Tip for moms who cut their kids' hair: don't look away from your work.


#5 has needed a haircut for about two weeks.  Despite the Sunday morning rush to get everyone ready for Church, dinner in the slow cooker, lunch in tummies, and a bit of cleaning before hosting the extended family this evening, I thought it would be a good time to take care of the hair.  I may have overestimated my delegation skills as a mom.

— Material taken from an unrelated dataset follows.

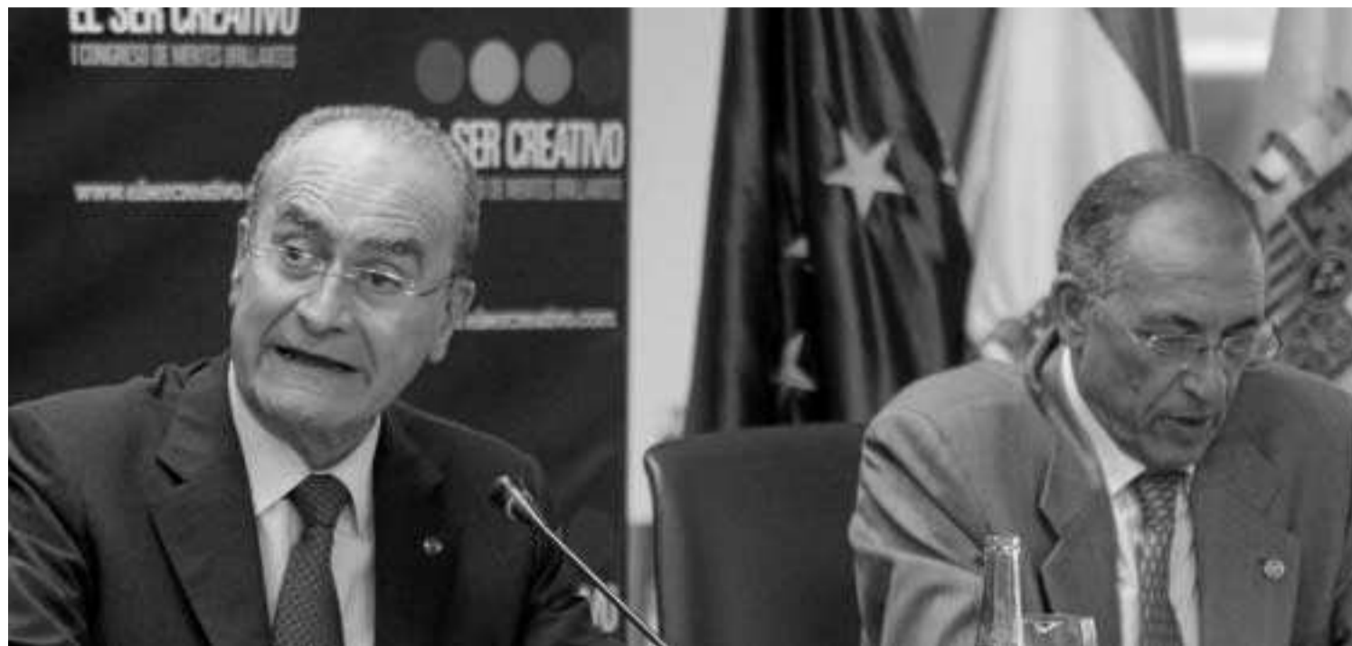
El alcalde de Málaga (izda.) y el presidente de la Fundación Málaga Ciudad Cultural, ayer durante la presentación del congreso 'Mentes brillantes'.

ARTE Vea en la web las imágenes del especial sobre Dalí, García Lorca y la Residencia de Estudiantes

You see, my nieces and nephew were spending the weekend with us, and nine kids apparently put me over the top.  I had assigned out sandwich making, sweeping, and laundering Niece 3's peed-in skirt and shoes so they would be clean and mostly dry before heading to Church in 71 minutes.  I had done a pretty good job with the haircut to this point.  I set down the clippers to check my work.  As I ran my fingers through #5's hair, I noticed a chunk near the front that had eluded the cut.  As I reached for the clippers, I looked up to see who was crying or maybe to yell at someone.  I don't remember.  It's all a blur now.  While still dealing with said blur, I set the clippers to his head, and noticed they were tugging against my efforts.  Returning my attention to the work at hand, I discovered that the clipper length guide was no longer attached and I had shaved a two-inch-long rectangle down to the scalp.  My girls gasped.  #5 started crying.  The rest of the children came running when they heard #s 1 and 4 trying to reassure him that it didn't look that bad.  I considered buzzing the rest of his hair, and then remembered that his school uniform policy prohibits such a cut.  I accepted that he would just have to wear my mistake until it grows out.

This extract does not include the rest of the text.